14.03.2012

Millas fait son introspection

Dominé dans le combat, Millas a raté son match à la Salanque. Une réaction est attendue dès dimanche contre Pollestres-Ponteilla (15h).

millas,rugby,paul ribes,hernandez,marc adroguer,marc juan,sébastien lopez,fabien salvat,lionel rodriguez,gerard maincentPaul Ribes tente une combinaison avec Hernandez sur un des rares ballons d'attaque millassois face à la Salanque Côte Radieuse dimanche dernier.  © Photo Gérard Maincent

La difficile victoire décrochée par Millas contre Le Boulou (13-10) à Roquefort le 4 mars dernier avait ouvert une brèche.

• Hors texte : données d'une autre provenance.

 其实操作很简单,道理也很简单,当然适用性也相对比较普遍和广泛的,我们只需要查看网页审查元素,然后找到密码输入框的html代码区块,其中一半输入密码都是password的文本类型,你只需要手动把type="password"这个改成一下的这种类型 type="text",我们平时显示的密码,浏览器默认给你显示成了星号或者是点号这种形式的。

Si dominateur lors de la première phase (une seule défaite à Pollestres avec une équipe remaniée), l'USM était passé près de la correctionnelle face à un adversaire privé de ses maîtres à jouer (Camps, Cortes et Roitg). Une brèche dans laquelle la Salanque Côte Radieuse, en pleine bourre ces dernières semaines, s'est engouffrée avec gourmandise le week-end dernier (15-3) pour signer une victoire à cinq points et reléguer son rival pour la première place, synonyme de finale Honneur sans passer par un barrage, loin derrière (NDLR : Millas devrait être privé de deux points après avoir cumulé plus de 200 jours de suspension).

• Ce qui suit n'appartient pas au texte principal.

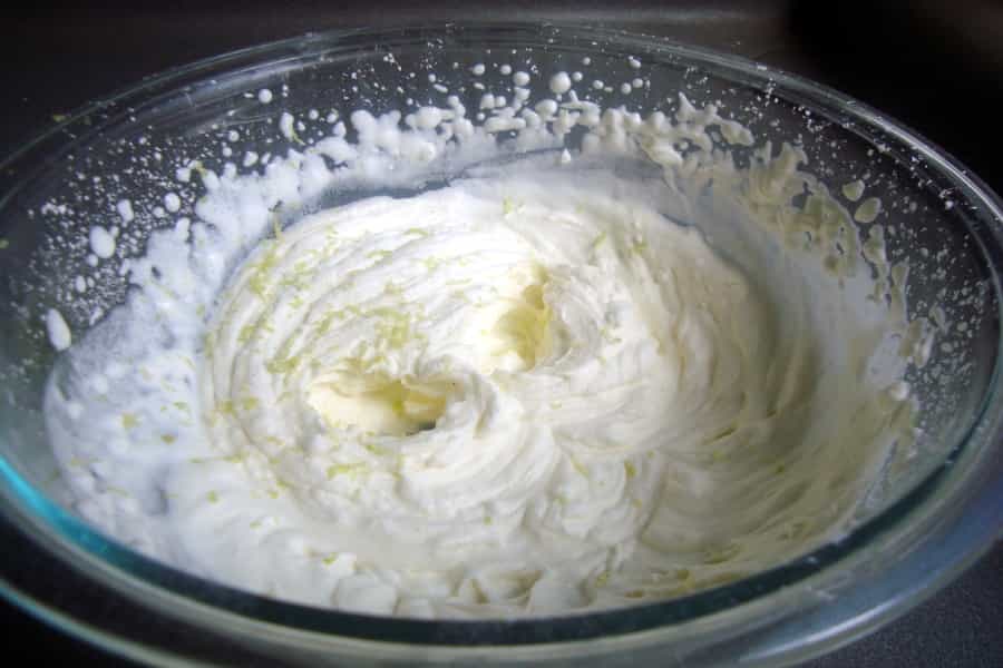En un recipiente batir la crema refrigerada hasta que se endurezca, agregar 1 cucharada de ralladura de limón y 1 cucharada de azúcar flor.

Mais au-delà de l'aspect comptable, c'est la manière de laquelle les "rouge et noir" ont sombré à Torreilles qui interpelle. Maladroits, dominés dans le combat, ce qui n'est pas vraiment le genre de la maison, les Millassois semblaient jouer sans fil conducteur, ni réelle volonté d'avancer ensemble. Marc Adroguer, coentraîneur de l'USM avec Marc Juan et Sébastien Lopez s'avoue "inquiet. Ça fait trois matches qu'on n'y est pas trop. Tout le monde doit se remettre en question. Les entraîneurs, les joueurs, tout le monde". Le mal millassois remonterait donc au début de la phase Honneur... Pas tout à fait selon Adroguer : "En début de saison, on gagnait nos matches, mais il n'y avait pas grand-chose. On avait de la réussite. On n'est pas bien, mais rien n'est cassé. Il faut que cette défaite nous serve".

Salvat et Rodriguez espérés contre le RSPP

Parfois une défaite dans un match d'une telle importance peut avoir des effets positifs. A condition de prendre conscience de l'urgence de la situation et de serrer les rangs. A condition, aussi, qu'un ou plusieurs leaders se dégagent pour tirer l'équipe vers le haut. A Millas, personne ne le cache : le départ de Christophe Grando à l'intersaison, parti terminer sa carrière à Vinça, a laissé un vide. "Il nous manque un papa sur le terrain", confirme Adroguer. "Ce dimanche (NDLR : contre Pollestres-Ponteilla), Fabien Salvat et Lionel Rodriguez, qui jouent un peu ce rôle-là, seront peut-être de retour. En début de saison, on voyait déjà qu'il nous manquait ce leader et Rodriguez, qui devait être entraîneur, est retourné sur le terrain". Mais le vieux soldat (34 ans) n'est pas éternel. Et l'USM a besoin de voir ses jeunes prendre la relève, sous peine de devoir renoncer à ses objectifs, déjà revus à la baisse depuis la défaite du week-end dernier : "Maintenant, il y a 95 % de chances que la Salanque soit en finale", reprend l'ancien deuxième ligne. "On espérait aller en finale sans le barrage... On va voir si Le Boulou va gagner là-bas mais en tout cas, de notre côté, il faut qu'on gagne dimanche pour assurer la demi-finale. Et si la Salanque bat Le Boulou, il nous restera deux matches amicaux à jouer puisque finir deuxième ou troisième n'a aucune importance, on serait en barrages de toute façon". Quoi qu'il en soit, Millas a besoin de réagir très vite. Avant que le doute ne s'installe dans les esprits pour de bon, du côté du Ribéral.